With this growing interest, 3D video is often considered as one of the major upcoming innovations in video technology, with the expectation of greatly enhanced user experience.

This book intends to provide an overview of key technologies for 3D video applications. More specifically, it covers the state of the art and explores new research directions, with the objective to tackle all aspects involved in 3D video systems and services. Topics addressed include content acquisition and creation, data representation and coding, transmission, view synthesis, rendering, display technologies, human perception of depth, and quality assessment. Relevant standardization efforts are reviewed. Finally, applications and implementation issues are also described.

More specifically, the book is composed of six parts. Part One addresses different aspects of 3D content acquisition and creation. In Chapter 1, Lee presents depth cameras and related applications. The principle of active depth sensing is reviewed, along with depth image processing methods such as noise modelling, upsampling, and removing motion blur. In Chapter 2, Kirmani, Colaço, and Goyal introduce the space-from-time imaging framework, which achieves spatial resolution, in two and three dimensions, by measuring temporal variations of light intensity in response to temporally or spatiotemporally varying illumination.
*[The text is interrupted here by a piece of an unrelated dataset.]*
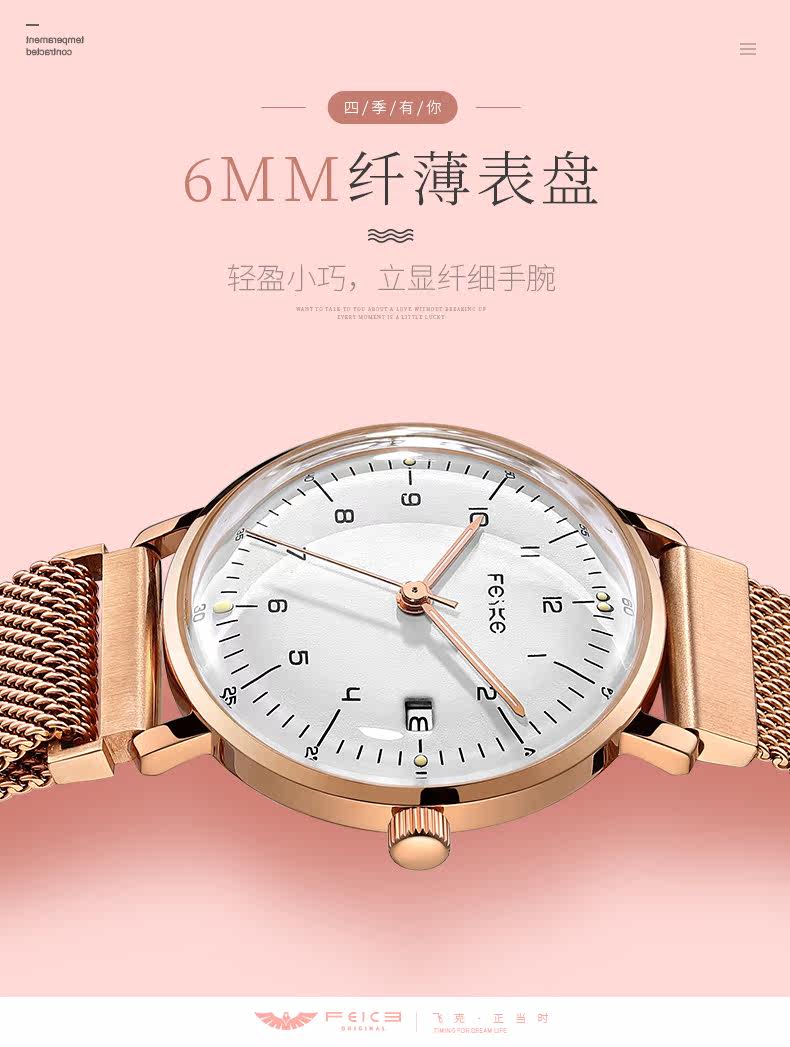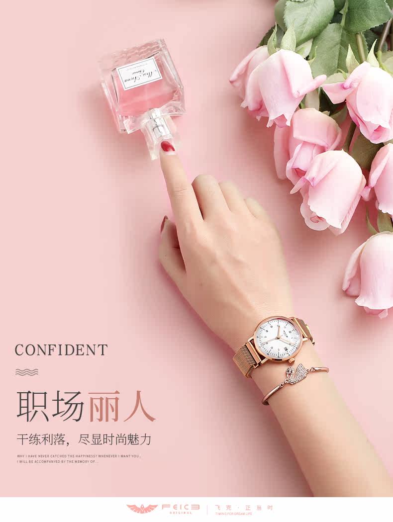 飞克 Ультратонкие модные водонепроницаемые кварцевые брендовые швейцарские часы, простой и элегантный дизайн, яркий броский стиль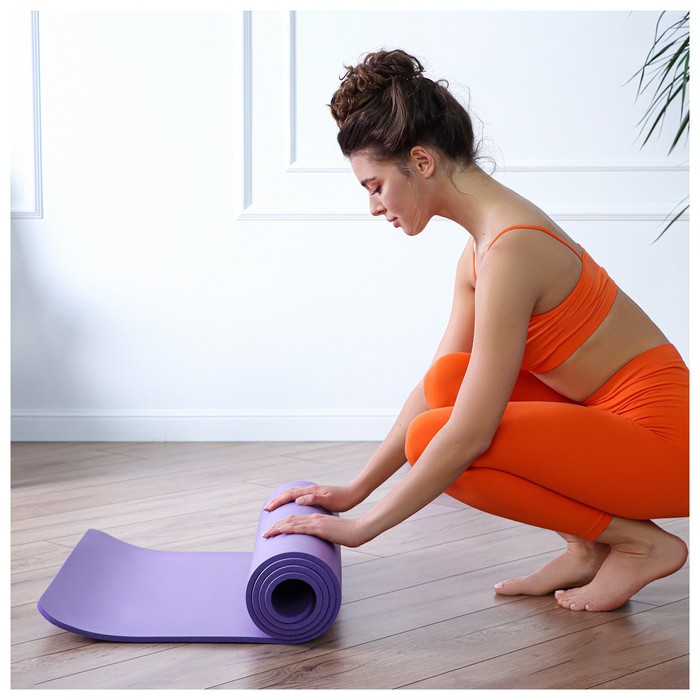 Коврик подходит для занятий йогой и фитнесом дома и в спортивных залах. Помогает в выполнении асан или других упражнений. Смягчает упор тела на твёрдую поверхность. Сохраняет форму после выполнения упражнений.

Chapter 3, by Vazquez, Zhang, Speranza, Plath, and Knorr, provides an overview of the process generating a stereoscopic video (S3D) from a monoscopic video source (2D), generally known as 2D-to-3D video conversion, with a focus on selected recent techniques. Finally, in Chapter 4, Zone1 provides an overview of numerous contemporary strategies for shooting narrow and variable interaxial baseline for stereoscopic cinematography. Artistic implications are also discussed.

A key issue in 3D video, Part Two addresses data representation, compression, and transmission. In Chapter 5, Kaaniche, Gaetano, Cagnazzo, and Pesquet-Popescu address the problem of disparity estimation. The geometrical relationship between the 3D scene and the generated stereo images is analyzed and the most important techniques for disparity estimation are reviewed. Cagnazzo, Pesquet-Popescu, and Dufaux give an overview of existing data representation and coding formats for 3D video content in Chapter 6. In turn, in Chapter 7, Mora, Valenzise, Jung, Pesquet-Popescu, Cagnazzo, and Dufaux consider the problem of depth map coding and present an overview of different coding tools. In Chapter 8, Vetro and Müller provide an overview of the current status of research and standardization activity towards defining a new set of depth-based formats that facilitate the generation of intermediate views with a compact binary representation. In Chapter 9, Cheung and Cheung consider interactive media streaming, where the server continuously and reactively sends appropriate subsets of media data in response to a client's periodic requests. Different associated coding strategies and solutions are reviewed. Finally, Gürler and Tekalp propose an adaptive P2P video streaming solution for streaming multiview video over P2P overlays in Chapter 10.

Next, Part Three of the book discusses view synthesis and rendering. In Chapter 11, Wang, Lang, Stefanoski, Sorkine-Hornung, Sorkine-Hornung, Smolic, and Gross present image-domain warping as an alternative to depth-image-based rendering techniques. This technique utilizes simpler, image-based deformations as a means for realizing various stereoscopic post-processing operators. Gilliam, Brookes, and Dragotti, in Chapter 12, examine the state of the art in plenoptic sampling theory. In particular, the chapter presents theoretical results for uniform sampling based on spectral analysis of the plenoptic function and algorithms for adaptive plenoptic sampling. Finally, in Chapter 13, Klose, Lipski, and Magnor present a complete end-to-end framework for stereoscopic free viewpoint video creation, allowing one to viewpoint-navigate through space and time of complex real-world, dynamic scenes.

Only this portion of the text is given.